7

Очнулся Торнвилль от сильной боли в голове и не менее сильного зловония. Открыл глаза — темно. Пошевелился — плохо выходит; звякнули цепи. Стало ясно, что он крепко скован. Мгновения спустя пришло осознание, что он, видимо, в плену. Голова явно была перевязана.

— Есть кто живой? — спросил он и тут же получил ответ:

— Как не быть!
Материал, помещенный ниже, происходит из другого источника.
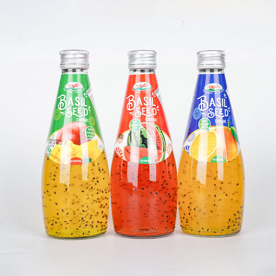 น้ำเมล็ดโหระพาบรรจุขวดแก้ว 300 มล. ผลิตโดยโรงงานผลิตเครื่องดื่มโหระพา รับผลิตแบบ OEM/ODM พร้อมตัวอย่างฟรีและบริการติดฉลากสินค้า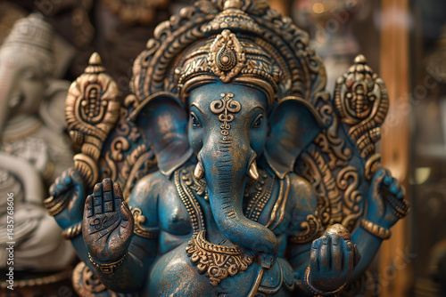 © Oleksandr, Fototapeta premium Bright holiday composition for happy Ganesh Chaturthi, abstract vivid composition consists of fictional unreal fantastic vision on background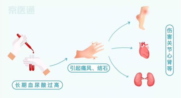注意:有些患者沒有出現痛風,但也會引起心、腎損害等。

Все здесь, окромя аркебузира да штурмана. Те сразу предались нехристям, веру их согласились принять, а мы тут, пятеро, если считать с тобой, в подземной тюрьме, двое ранены. Судно наше тоже в плену. В общем, невесело. Нам сказали, что, если не перейдем в их веру, сделают нас рабами. Может, продадут, а может, отправят на починку крепости, у них там работы много.

— Да, — встрял в разговор другой голос из тьмы, — тут на этой починке можно пробыть, покудова не сдохнешь. Видал я эту крепость, господин, как в порт заходили. Стена змеею вьется вокруг горы, так что не сочтешь, сколько раз и башен сколько в ней. И в порту такая огромина стоит — башня красная, что не знаю, как ее и выстроили. Не с чем сравнить.
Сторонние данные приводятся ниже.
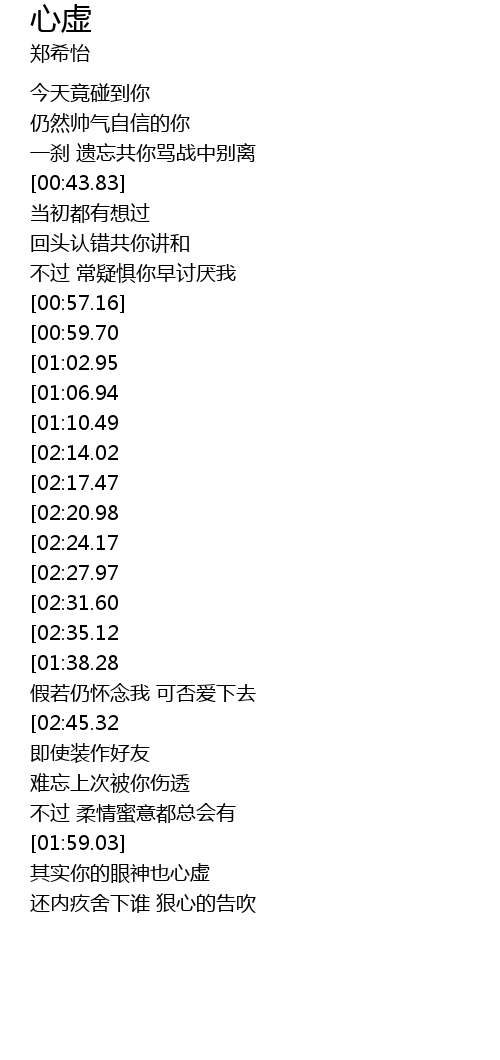| [03:00.25][02:14.02][01:14.17] | 为何讲笑也心虚 |

— Почему? — отозвался кто-то еще. — Под Константинополем видал если не крупнее, то такие же. Тоже турками строены при султане Мехмеде перед взятием города[41]. Только те каменные, а эта — полукаменная-полукирпичная. Куда турок пришел, обосновывается крепко, не вытуришь.
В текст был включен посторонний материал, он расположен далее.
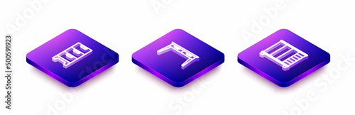 Set Isometric line Chest of drawers, Office desk and Wardrobe icon. Vector

Воцарилась тягостная тишина. О своем теперешнем положении не хотелось не то что говорить, но даже и думать. А вести отвлеченные разговоры тоже не давало всеобщее несчастье. Правда, молчать тоже нехорошо, ведь тогда думать начинаешь… Эх, думай — не думай, а судьбу не переиграешь. Оставалось ждать.

Меж тем юного Торнвилля точило одно подозрение, которым он, взлелеяв его, поделился с другими:

— А что, значит, стрелок мой пошел на службу к неверным? Так ведь выходит, он меня по голове и огрел…

— С чего вдруг, господин?

— Да с того, что, кроме нас, там никого более не было, а я хотел взорвать корабль…

Снова тишина. Ни восхваления, ни порицания.

Хотелось пить. Осознание несчастья Урсулы угнетало. Вот, он и ей не помог и оказался, как любил выражаться его достопочтенный дядюшка-аббат, у дьявола в заднице. Забыться бы, да как? Хваленая кумандария в руках нехристей.

— А что, по наши души завтра придут?

— Кто знает. Может быть. А то и тут оставят гнить.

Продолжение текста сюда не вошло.